Example (upload) job response

HTTP/1.1 200 OK
Content-Type: application/json
Content-Length: 428

{
  "id": "jc92d0c4f-e133-46c9-81bb-823913a6c5ba",
  "name": "weekly-invoices",
  "files": [
    {
      "id": "f831017ab-b130-49e7-b39e-5a13c056fd8d",
      "name": "Return.pdf",
      "hash": "16285d42df088864f77c6d33f1f300e2e76eb621"
    },
    {
      "id": "fdde795a2-c907-44cc-9a27-f707e6c6df17",
      "name": "18-30550_1574638_7-23-2018_4567527.pdf",
      "hash": "4055d3bd01939c34a25d08a4d0078e6cc5cbcbc3"
    }
  ]
}

When successful and complete, job requests will yield a 200 OK HTTP response, the body of which will be a JSON-encoded representation of the requested job; the specifics of that representation vary based on the type of job that was requested.

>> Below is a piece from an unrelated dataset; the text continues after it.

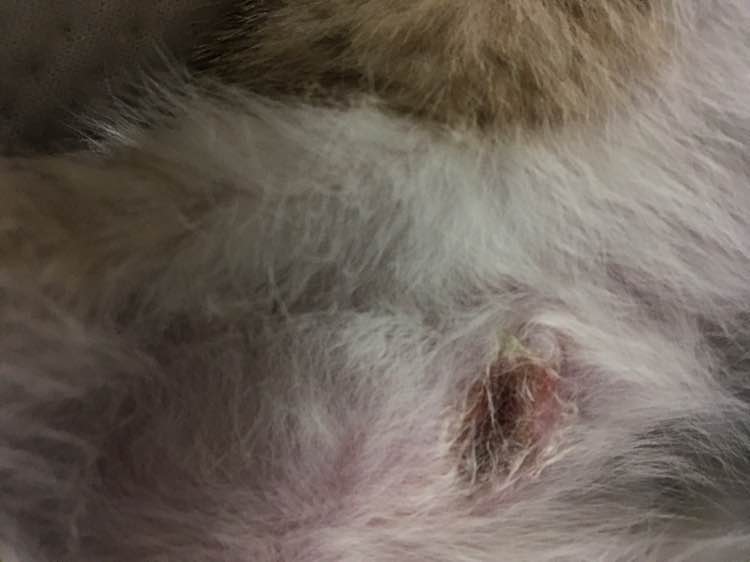 肚子那里,两个后退之间的肚子。猫没有舔咬。。。就像不存在一样。

If a job is still pending, job requests will yield a 202 Accepted response, and may include status information (e.g. a list of counts indicating how many files are yet to be processed in the course of a pdfQL query job).

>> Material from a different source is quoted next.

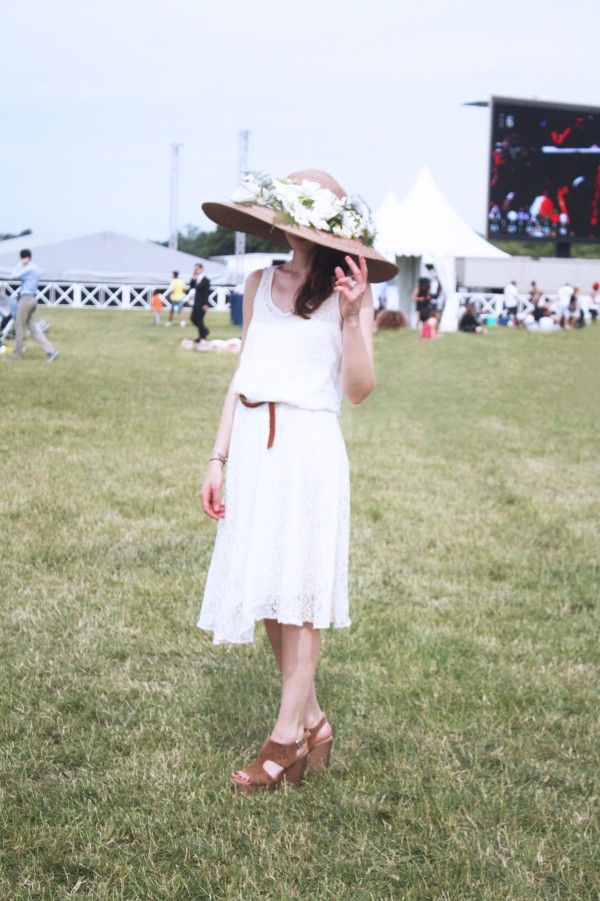 vraiment, j’adore l’ensemble robe blanche-chaussures daim-chapeau et l’harmonie des couleurs!

Example (query) job response

HTTP/1.1 200 OK
Content-Type: application/json
Content-Length: 214
 
{
  "id": "j6fbbdb41-26d9-49e3-89a1-20276903b596",
  "query_id": "q61432972-baaa-4829-ad41-d8ebbdb8a6cf",
  "name": "testquery-123",
  "results": {
    "solutions": [ { "data": [ "AZ", "AY", "AX" ], "score": 6 } ]
  }
}
  Common job attributes
id The unique ID of the requested job
name optional The name of the requested job

In addition to the common attributes above, specific types of job objects also contain additional attributes:

  Upload job attributes
files An array of file objects
  Completed query job attributes
query_id The ID of the pdfQL query applied to the PDF files in the job.
results A list of result objects, one per successfully-queried file.
  Pending query job attributes
query_id The ID of the pdfQL query applied to the PDF files in the job.
status A status object indicating the aggregate status of querying each of the source PDF files in the job.
  Result object
source An object indicating the file from which the result data was extracted, contains (file) id and (file) name attributes.
solutions A list of "solution" objects, each containing a data attribute that is a list of the data elements produced by the pdfQL query. The structure of those data elements is not documented here, as they can vary significantly depending on the structure and options specified by the pdfQL query; see our documentation of pdfQL itself elsewhere for details on this subject.
  Status object
waiting optional The number of files that have not yet been processed.
running optional The number of files currently being processed.
recovering optional  
timeout optional The number of files that could not be processed within the quota window associated with the owning account.
failed optional The number of files that produced hard failures upon querying.
done optional The number of files that have been successfully queried.